Unilever, dont la crédibilité est infiniment supérieure à celle d’un marchand ambulant thaïlandais, nous donne pour morts, en tout cas au regard de notre capacité à consommer de la lessive. Il faut croire que nous mourrons salement, ce qui ajoute au tragique de la situation une connotation sordide. Imaginez donc des cohortes de consommateurs sans le sous errant à travers l’Europe dans leurs guenilles puantes ! Avec les anciens dieux au moins, nous avions le sentiment de pouvoir négocier, prier, supplier et qui sait peut-être obtenir un miracle, même si Alfred de Vigny trouvait cela lâche.

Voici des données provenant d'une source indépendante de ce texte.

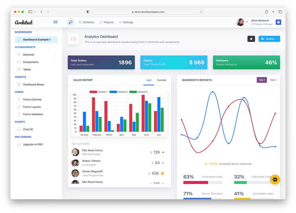 For a classy-looking admin panel template, Gentella is the one to ever consider in mind. Love this template featuring many elements interactively. It is free in three variations of the dashboard. The hover effects are impressive as these show you the accurate data of the graphs. Adjust the navigation menu if you feel like it is obtrusive. The left sidebar will introduce you to the footer and navigation options. An option for full-view, log out option, and settings are also available. There is also a place to include a welcome message and user profile picture in the sidebar and top bar.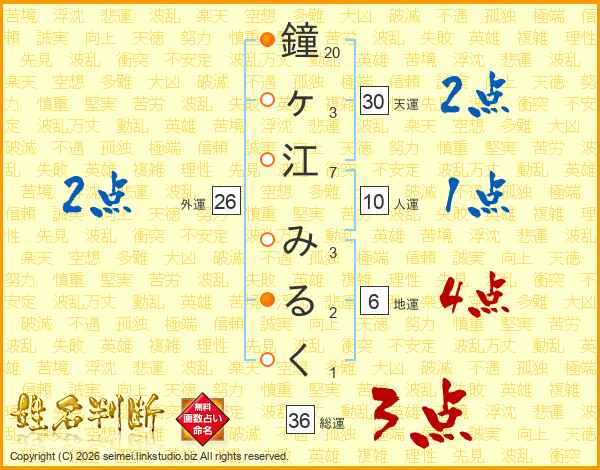鐘ヶ江みるくさんの総運は36画の3点!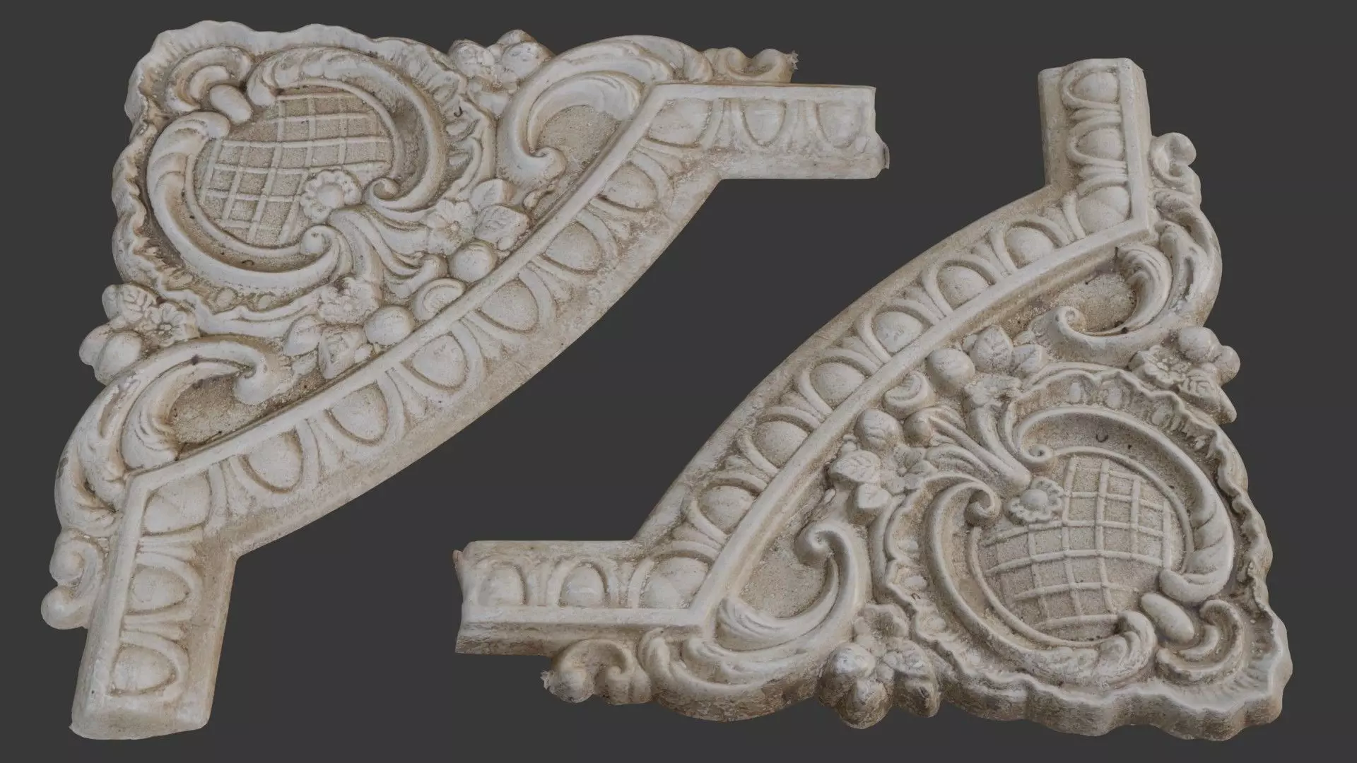 Highly detailed 3D scan of an ornate architectural arch corner, featuring classical patterns, floral motifs, and a central textured medallion. Ideal for historical building restorations, decorative interior accents, or as an elaborate prop in grand scenes. The model is provided in multiple formats (BLEND, FBX, OBJ, GLB, USD, STL) and includes 4K PBR textures for seamless integration in any pipeline.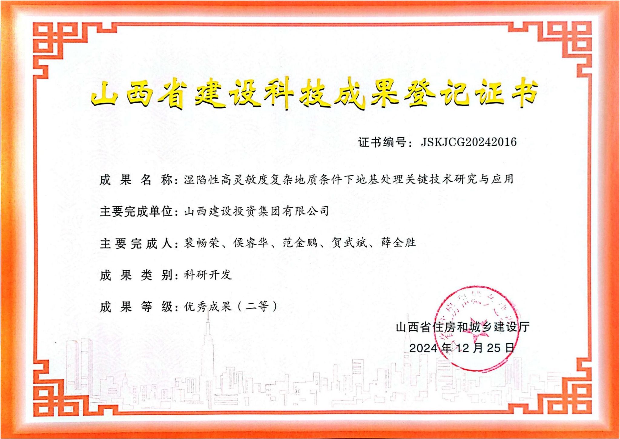 面对多重技术挑战,公司主动搭建校企合作平台,组建专项攻关小组,开展支护体系创新探索。技术团队深入分析地质勘察数据与现场试验结果,打破传统工艺局限,创新提出利用基坑外主体结构承台基础分担土体侧压力,以坑内承台短柱作为受力点构建反支撑体系的全新方案。为确保方案科学可行,技术人员选取现场条件较差的承台开展工艺试验,并联合第三方监测单位实时追踪基坑变形数据,通过对比承台水平推力与钢板桩水平位移的监测值与报警值,最终证实该方案可显著减小位移,有效保障施工安全。在团队的全力攻坚下,相关技术成功斩获发明专利2项、实用新型专利4项,总结形成的“湿陷性高灵敏度复杂地质条件下地基处理关键技术研究与应用”成果获评山西省建设科技成果登记优秀成果。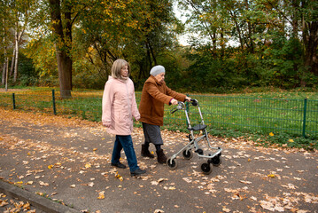 Woman and her elderly mother with walker taking a walk in the park covered in autumn leaves, spending family time together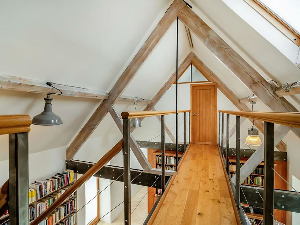 Bedroom 2 has the family bathroom next to it and further along, above the living area is a library area with plate glass windows to the east and west. This area leads to a mezzanine bedroom 4 with sitting room, shower room and bedroom above.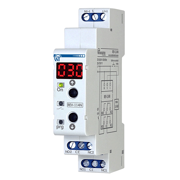 The REV-114N time relay is a microprocessor-based device designed to switch the load on and off at user-defined intervals.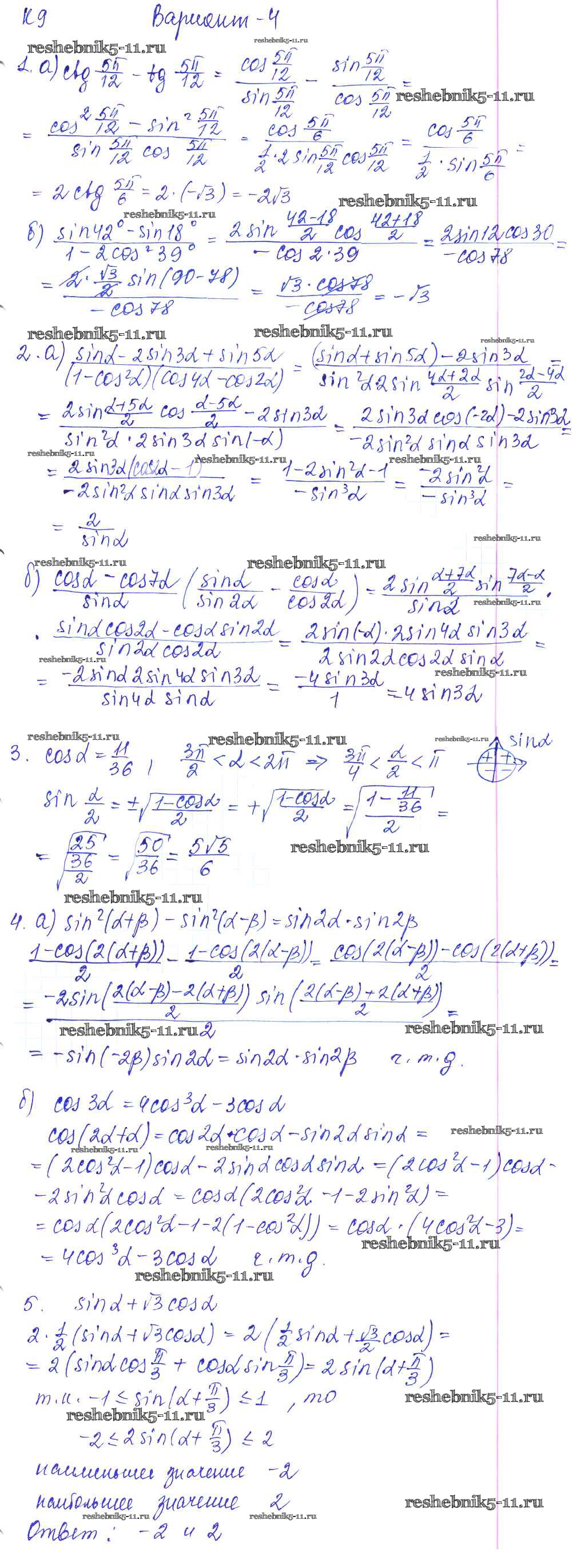 Готовая домашняя работа с ответами по Алгебре за 9 класс Журавлев, Малышева, Свентковский Контрольные и самостоятельные работы УМК Экзамен 2016 ФГОС - К-9. Формулы сложения и их следствия Вариант №4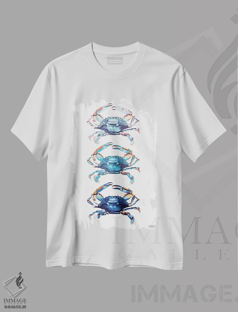 تیشرت سفید طرح دار – تیشرت ساحلی ,سه خرچنگ آبرنگ اثر میشل موسپنس فروشگاه ایماژ تیشرت طرح ساحلی ,سه خرچنگ آبرنگ اثر میشل موسپنس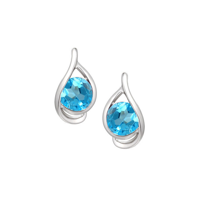 This lively pair of silver stud earrings each feature a vibrant round cut blue topaz set in a silver swirl design.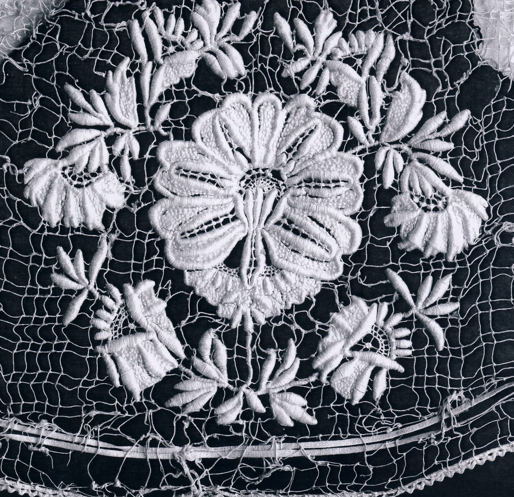 Collectage de l'association Ijin ha Spered ar Vro. Fond de Sparlenn brodé sur filet irrégulier, base de la majorité des coiffes de ce territoire. Broderie plumetis appliquant la même métode que la précédente illustration.Immatriculation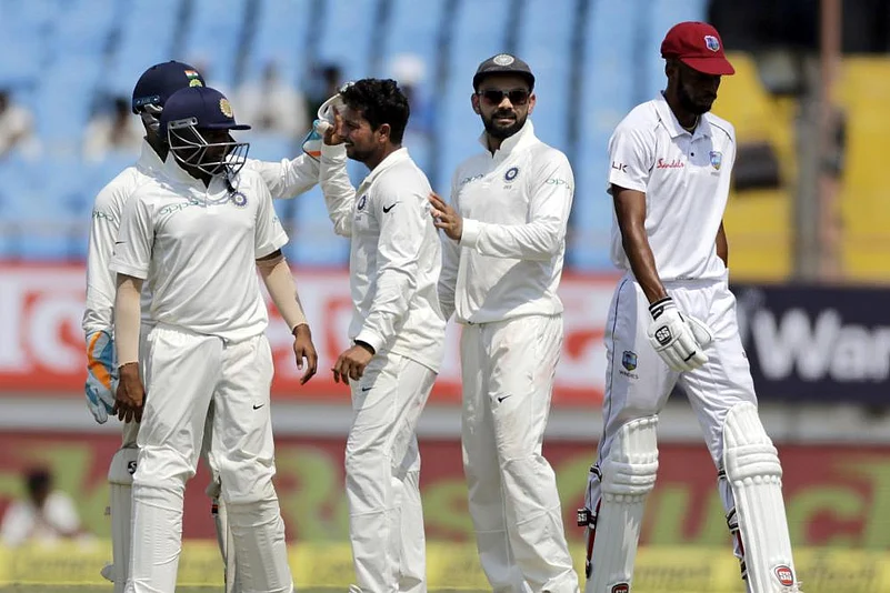 Chinaman bowler Kuldeep Yadav on Saturday claimed his first five-wicket in Test as India move closer to a big win against the West Indies at Rajkot.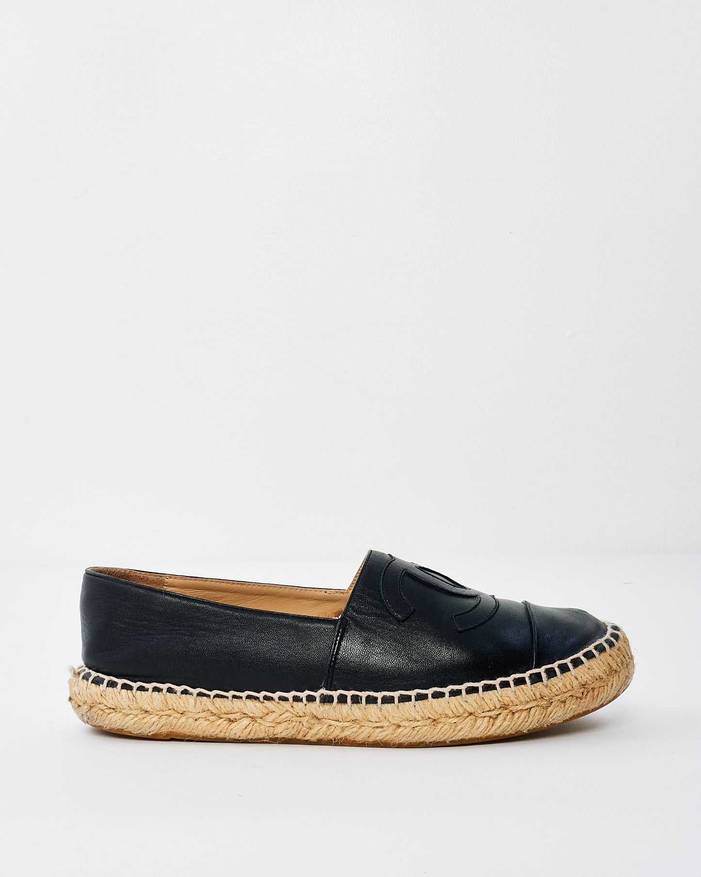 Explore Chanel's exquisite collection of shoes, featuring this certified pre-owned Black Leather Espadrilles - 38. Embodying timeless elegance and modern sustainability, each piece, including favorites like this, is authenticated by Retyche. Discover sustainable luxury — shop our current treasures or find inspiration for your next coveted find.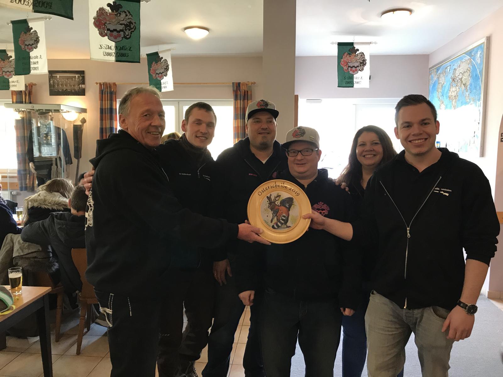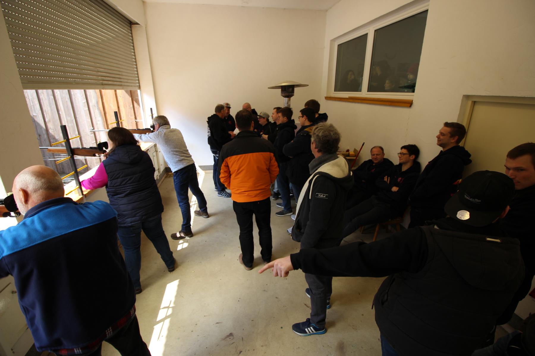 Seine Majestät König Sascha mit seiner Königin Eva aus dem Hause Hipler war mit dem nahezu vollständigen Hof erschienen. Aus gutem Grund: Galt es doch für den Schützenhof gegen die Schießkommission um die Osterscheibe in den Wettkampf zu gehen. Den dritten Platz sicherte sich der Hofmarschall Willi Wendt, den zweiten Platz der Vogelbauer und gleichzeitig auch Mitglied der Schießkommission, Felix Niehaus. Auch der erste Platz blieb in den Reihen der Schießkommission: Marius Schulz war überlegen der beste Schütze. Das sonnige, wenn auch windkalte Wetter machte das Verweilen vor der Tür an der frischen Luft zumindest zeitweise möglich und sorgte so für eine lockere Biergartenatmosphäre.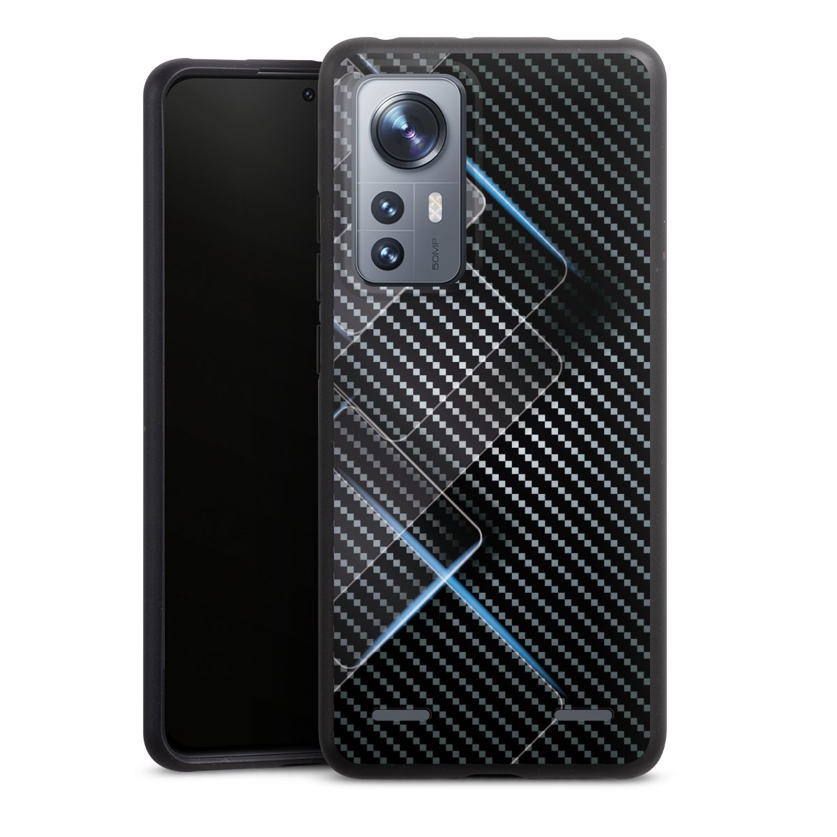 Blaue Linien auf Karbon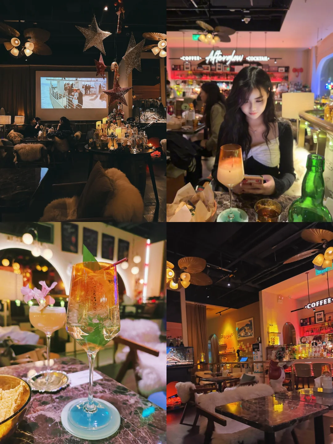 小食不好吃,我们也是饿了才点的,酒的造型很好看,颜值高,但配不上这个价位。7点准时去的没什么人,这家店氛围感十足,拍照很出片,还会放电影,是一家很浪漫的店,容易被搭讪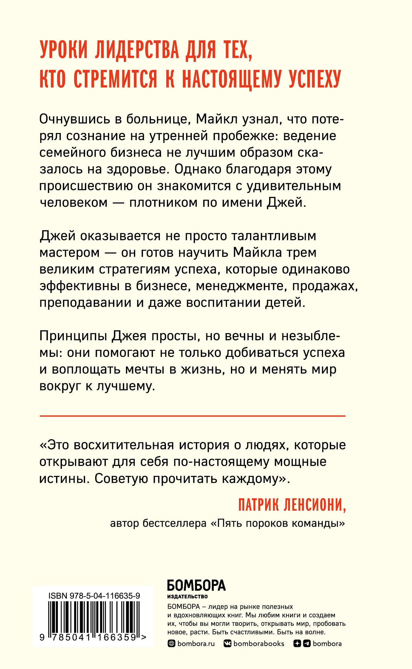 УРОКИ ЛИДЕРСТВА ДЛЯ ТЕХ, КТО СТРЕМИТСЯ К НАСТОЯЩЕМУ УСПЕХУ. Очнувшись в больнице, Майкл узнал, что потерял сознание на утренней пробежке: ведение семейного бизнеса не лучшим образом сказалось на здоровье. Однако благодаря этому происшествию он знакомится с удивительными человеком - плотником по имени Джей. Джей оказывается не просто талантливым мастером - он готов научить Майкла трем великим стратегиям успеха, которые одинаковы эффективны в бизнесе, менеджменте, продажах, преподавании и даже воспитании детей. Принципы Джея просты, но вечны и незыблемы: они помогают не только добиваться успеха и воплощать мечты в жизнь, но и менять мир вокруг к лучшему.| Издательство | ООО "Издательство "Эксмо" |
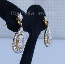 ชิ้นนี้ ดีไซน์ด้านบนเป็นเพชรหนามเตย 1เม็ด ด้านล่างเป็นตุ้งติ้งทรงหยดน้ำ มีเพชรหนามเตยข้างในหยดน้ำ 2 เม็ด 2 ขนาด เพชรวิ๊งวิ๊ง สวยสวย น่าใส่มากครับ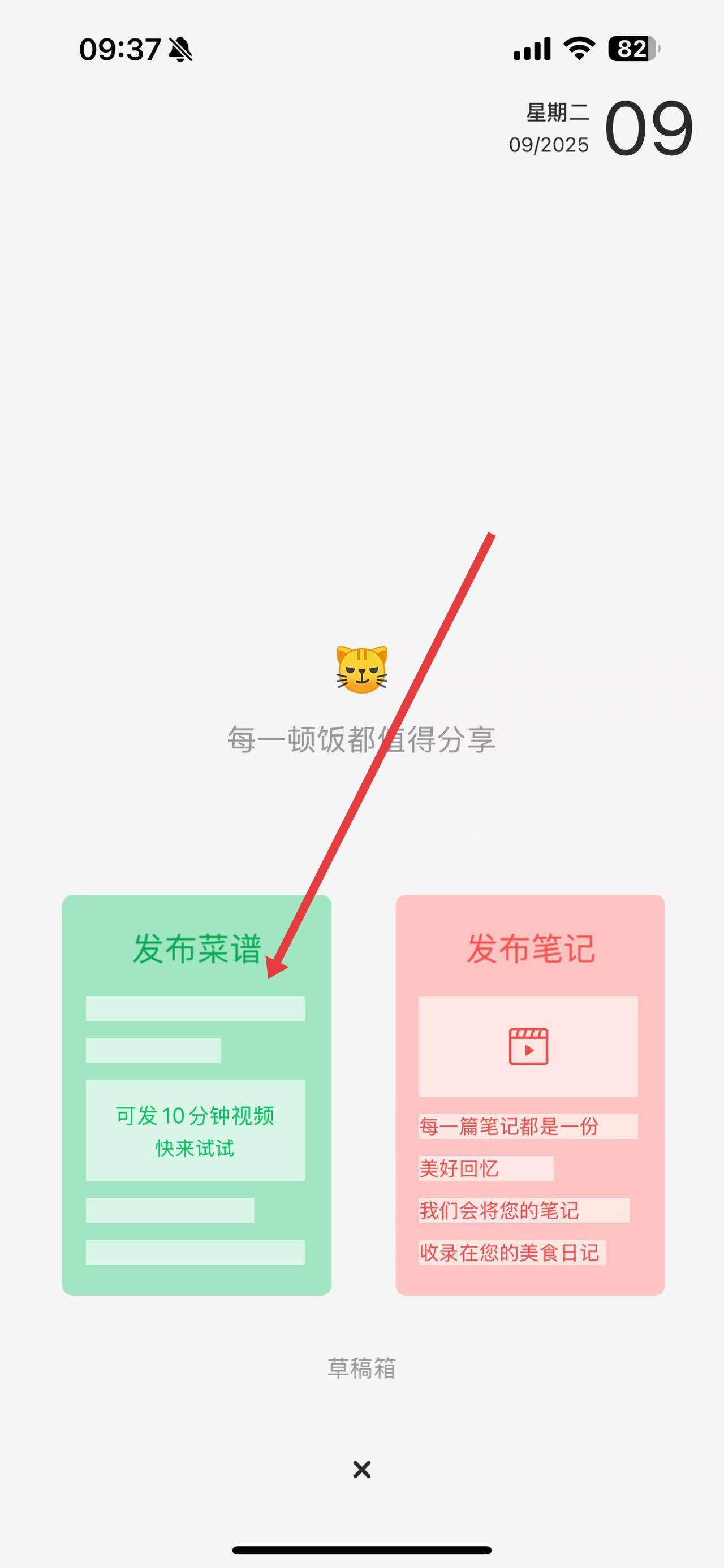 2、在弹出的选项中,点击发布菜谱进入上传菜谱界面。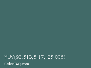 YUV 93.513,5.17,-25.006 Color is a normal cyan color and the nearest color is William #3a686c. Hex code #416a68 and RGB value is rgb(65,106,104). In RGB color space, this color is composed of 25% red, 42% green, 41% blue, In CMYK color space, this color is composed of 39% cyan, 0% magenta, 2% yellow , 58% black , In HSL color space, this color has a hue angle of 177° , 24% saturation and 34% lightness.

Le dieu de la lessive quant à lui n’a trouvé, du haut de son olympe surplombant notre société de consommation mondialisée,  qu’une chose à faire : nous précipiter plus vite dans le précipice en nous vendant plus cher les produits de première nécessité. Un truc à nous faire regretter les colères fracassantes du bon vieux barbu de la Bible ou les facéties de ces dévoyées de divinités romaines. Mais bon, il y en a qui voient dans l’éradication des superstitions infantiles de nos ancêtres un splendide progrès de civilisation. Tâchons de croire qu’ils ont raison, cela nous épargnera la souffrance indicible de mourir lucide. Et sale, de surcroît.